Phenomenons

Jessie and her journey, for which I am just along for the ride, amazes me in different ways and for different reasons every day. And, based upon the reaction from the community, it clearly amazes others, too. I have spent a fair amount of time pondering this and have come up with a few possible explanations:

1. The “what would I do if it were my kid” phenomenon

I have said this before, and will say it again…every person that I know personally (or, I am willing to bet, have one to two degrees of separation from me…however, anyone beyond two I am not prepared for vouch for) would do the exact same thing Rich and I are doing. Perhaps not step by step, but I can assure you, as a loving person (remember, I only let those people in my life) not only would you do it, but you would do it with grace, class and, if you are wise, a sense of humor.

2. The “thank G-d it isn’t my kid” phenomenon

I get this. Trust me. I would like to think that I would save any criticisms, judgments or opinions were I not living this out myself, but, in the interest of honesty, I would have some concerns and would probably wonder if these people (in this case, the Rosses) had lost their minds in allowing a ten-year old to steer such a huge ship. (Aside: she is not in full control of the wheel, we have, like in cars used for driver’s ed, our own special brake pedal).
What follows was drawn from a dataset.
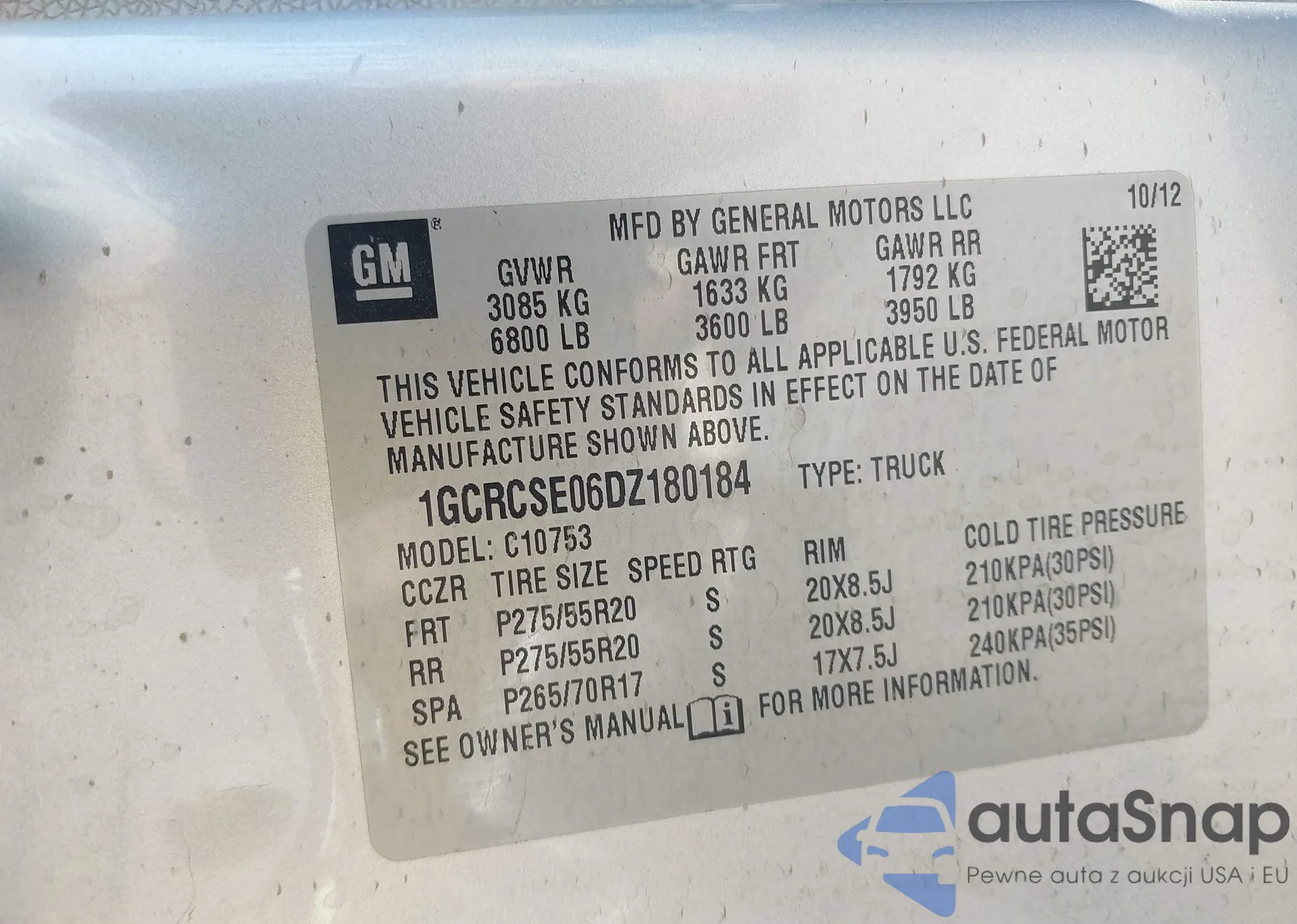 • VIN 1GCRCSE06DZ180184

Seriously. To prove it, I will admit that when Harrison was about four I knew a woman who had two sons – one was Harrison’s age and the other was around two. The two year old regularly wore glitterly flip flops and pink polish on both his fingers and his toes. I (and I am not proud of this, just keepin’ it real) recall commenting to another mother that I found that odd and not necessarily a great parenting move. There, I said, it. But here’s the thing…I did think that. I might even have thought it again as recently as six months ago yet I am not homophobic or transphobic (I might have just made up that word)…it just wasn’t on my radar. And that is okay.

3. The “this is juicy shit, makes me feel better about my own stuff” phenomenon

Again, this is fair. This is human nature. I will, again, share my own guilt in subscribing to this thinking. This past weekend there was a big drinking party in my neighborhood which, surprise, surprise, got out of hand and broke up upon arrival of ten police cars at the house. With my nose in the air, I am happy to say that Harrison was not there, but boy, was this a good story. Many of the kids that were there I have known since they were in elementary school. They are, at the core, good kids. Their parents, I am quite sure, were less than pleased and wished like hell that they didn’t have to deal with this whole thing, right down to the “embarrassment” and ramblings among the community. Man, do I get that. Granted, making a bad choice in attending an unchaperoned party is a veritable rite of passage for teenagers and transgenderism is a little (okay, a lot) less expected, but the response is not all that different, really. I own it: I was a little glad to see other people have to deal with stuff that was scary, unpleasant and worthy of being judged by others.

4. The “I always knew something was different with that kid” phenomenon

Anyone who has ever, under any circumstance, met George (n.c.i.) remembers George. This has been corroborated and documented time and again not only by me, but by others (including Harrison) as well. It is at once a beautiful and “sonofabitch” thing. Many people are immediately smitten with her (g.c.i.) opinions (many) thoughts (many) and suggestions (even many-ier). Some are wooed by her charm. Others have described her as disarming, interesting and/or peculiar. But no one ever forgets her. Among the ever-growing list of subscribers to this blog are five of her preschool teachers and several of the administrators and teachers she has had at her current elementary school. One of my favorite comments came from a preschool teacher who said, “Even as a 5-year-old, I knew I had a lot to learn from Jessie!”

5. The “I like the way Julie writes” phenomenon

Well, thanks, if that is why you are interested. I was asked the other day how I came up with stuff to write about so often. My response, which bears repeating, was: trust me, there is no dearth of material.

So, whatever your particular reason is for being interested in this story, I thank you for allowing me to share with you.

Advertisements

26 thoughts on “Phenomenons

  1. The cool thing about the “what if it were my kid” phenomenon … is that you are giving us all a roadmap. We may or may not find ourselves with transgendered kids, but we now know that when we are faced with the totally unexpected, unplanned, unconsidered situation with our family … we, like you, can choose to handle it with raw honesty, bravery amidst the trepidation, and a huge dollop of humor. Not sure I’d succeed as well, but you sure do provide an admirable example to follow.

    • True – one guarantee in life is that nothing is guaranteed and it is definitely safe to say that, to a person, we will all face unexpected, unplanned and unconsidered situations. And there is no saying I have succeeded. Yet, anyway!

    • Beautifully said, Debbie. That is exactly why I referred to you as a POWERHOUSE, Julie. . What an amazing gift you are giving us all who read your blog…you are showing us an example of how to handle & manage, in what seems to be the absolute best way possible, “the unexpected, unplanned and unconsidered” situations we all may face at some point. You are very brave, and I hope what you get in return for sharing so openly is a greater sense of empowerment and strength.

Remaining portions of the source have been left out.